Accompanying drawing explanation

Fig. 1 is the implementation method schematic flow sheet based on the speech recognition of mobile terminal device off-line in embodiment mono-;

Fig. 2 be embodiment illustrated in fig. 1 in HMM parameter training process flow diagram based on segmentation K mean algorithm;

Fig. 3 is the overall procedure schematic diagram that the present invention is based on the off-line audio recognition method of mobile terminal device;

Fig. 4 is the off-line audio recognition method schematic flow sheet based on mobile terminal device in embodiment bis-;

Fig. 5 is middle Chinese word segmentation schematic flow sheet embodiment illustrated in fig. 4;

Fig. 6 is the schematic flow sheet that after middle Chinese word segmentation embodiment illustrated in fig. 4, result echo arrives system interface bivariate table;

Fig. 7 is the realize system recorded voice oscillogram of the embodiment of the present invention three based on the speech recognition of mobile terminal device off-line;

Fig. 8 is the realize system acoustic analysis figure of the embodiment of the present invention three based on the speech recognition of mobile terminal device off-line;

Fig. 9 is the realize system analysis.conf configuration file figure of the embodiment of the present invention three based on the speech recognition of mobile terminal device off-line;

Figure 10 is the realize system HMM prototype file map of the embodiment of the present invention three based on the speech recognition of mobile terminal device off-line;

Figure 11 is the realize system HMM training process figure of the embodiment of the present invention three based on the speech recognition of mobile terminal device off-line;

Figure 12 is the realize system HTK tool rack composition of the embodiment of the present invention three based on the speech recognition of mobile terminal device off-line;

Figure 13 is the realize system HTK speech processes process flow diagram of the embodiment of the present invention three based on the speech recognition of mobile terminal device off-line.

Embodiment

For making object of the present invention, content and advantage clearer, below in conjunction with drawings and Examples, the specific embodiment of the present invention is described in further detail.Following examples are used for illustrating the present invention, but are not used for limiting the scope of the invention.

Embodiment mono-

The present embodiment provides a kind of implementation method based on the speech recognition of mobile terminal device off-line, and the method originates in step 101, gathers project vocabulary, and here project vocabulary is for the professional term of specific area, for everyday expressions and the phrase of specific area.

In step 102, utilize hidden Markov HMM model training acoustic model data and the language model data based on probability statistics based on described project vocabulary.Described acoustic model data is HMM parameter optimization Algorithm for Training based on segmentation K mean algorithm.Described language model data are based on NGram Algorithm for Training.

NGram algorithm is mainly that the appearance of N word is only to N-1 word is relevant above based on so a kind of hypothesis, and all uncorrelated with other any word, the probability of whole sentence is exactly the product of each word probability of occurrence.These probability can obtain by directly add up the number of times that N word occur from language material simultaneously.That conventional is the Bi-Gram of binary and the Tri-Gram of ternary.Computing formula is as follows: P(w _n| w ₁, w ₂..., w _n-1)=C (w ₁, w ₂..., w _n)/C (w ₁, w ₂..., w _n-1), according to law of great number, in the situation that front N-1 word occurs, the probability of N word appearance is the frequency that frequency that this N word occurs simultaneously occurs divided by N-1 word simultaneously.Take promotion prospect as example, calculate exactly in situation about having occurred before promoting, the probability that scape occurs, i.e. P(scape | push away, wide, front)=C (push away, wide, front, scape)/C (pushing away, wide, front).Utilizing NGram Algorithm for Training speech data is exactly based on context to train the probability occurring in the situation that in dictionary, other words of each word occur simultaneously, then the result storage of training in speech model.
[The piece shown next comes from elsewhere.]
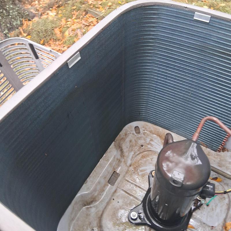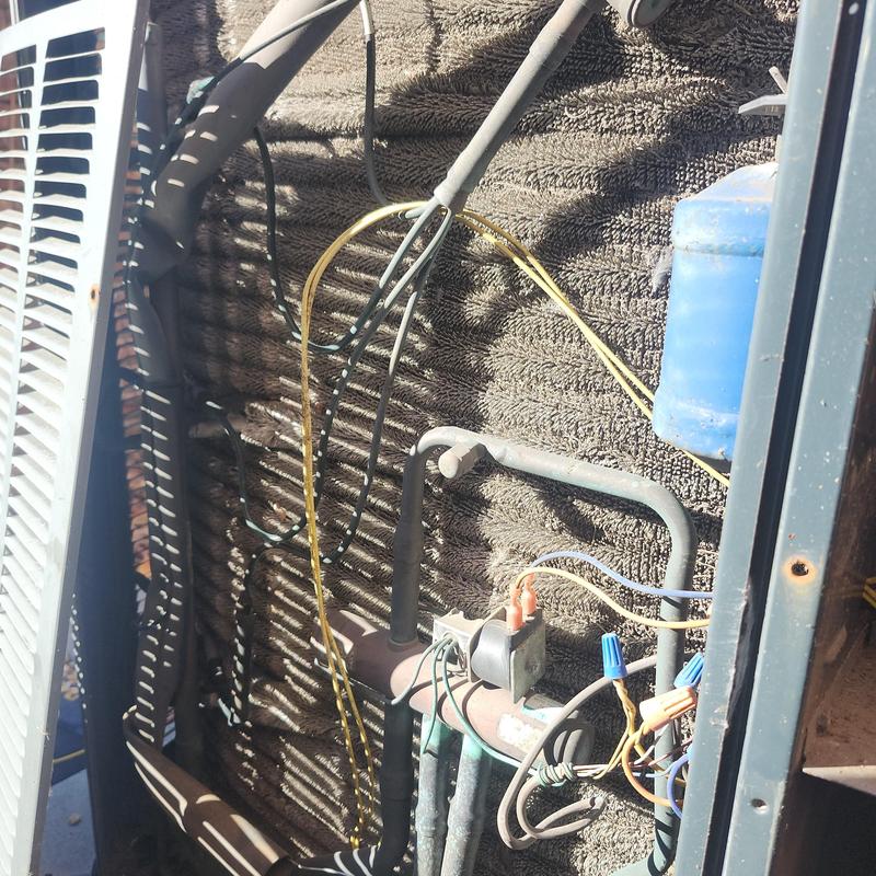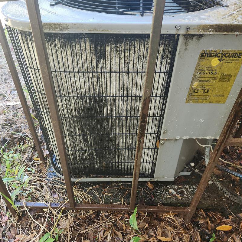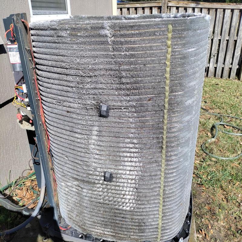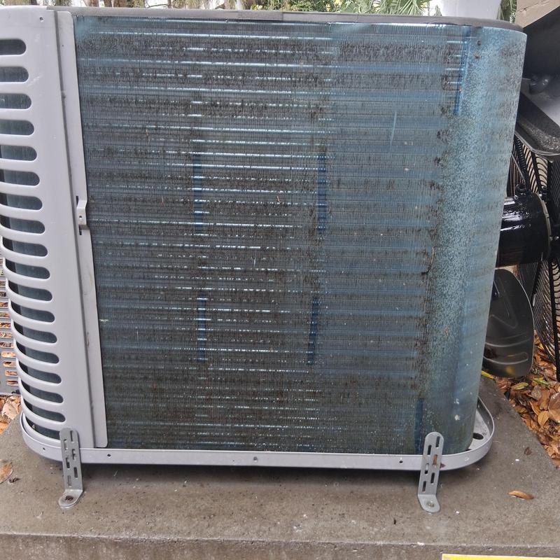A technician in Orange Park, Florida inspected an HVAC unit and found a clogged condenser coil needing deep cleaning. The technician also inspected the attic ductwork and electrical parts. A faulty thermostat was replaced. After testing, the system now heats correctly. A condenser coil deep cleaning is recommended to maintain performance.

The quality of HMM model parameter directly affects the effect of speech recognition, in three parameters of HMM model M={ A, B, π }, state transition probability matrix A and original state Making by Probability Sets π are little on phonetic recognization rate impact, are conventionally set to the value of being uniformly distributed or non-zero random value.The initial value of B parameter arranges than A and π difficulty, simultaneously also most important.In the invention of this reality, for the shortcoming of Baum-Welch classic algorithm, sum up three kinds and improved algorithm, can improve algorithm by three kinds of HMM model trainings and realize training acoustic model data and language model data, specifically introduce respectively these three kinds below and improve algorithm.

The first: the HMM parameter optimization algorithm based on segmentation K mean algorithm

Refer to Fig. 2, in step 201, preset HMM model parameter initial value, initial value can be divided state method or experience obtains by decile;

Preset maximum iteration time I and convergence threshold ζ;

In step 202, with Viterbi algorithm, the training utterance data of input are carried out to state and cut apart;

In step 203, B parameter in model is reappraised by segmentation K mean algorithm.Be divided into two kinds of situations:

Discrete type system:

Whole speech frame numbers under speech frame occurrence number/state Sj of label i in bji=state Sj;

Continuous type system:

The probability density function of each state is to be formed by stacking by M normal distyribution function.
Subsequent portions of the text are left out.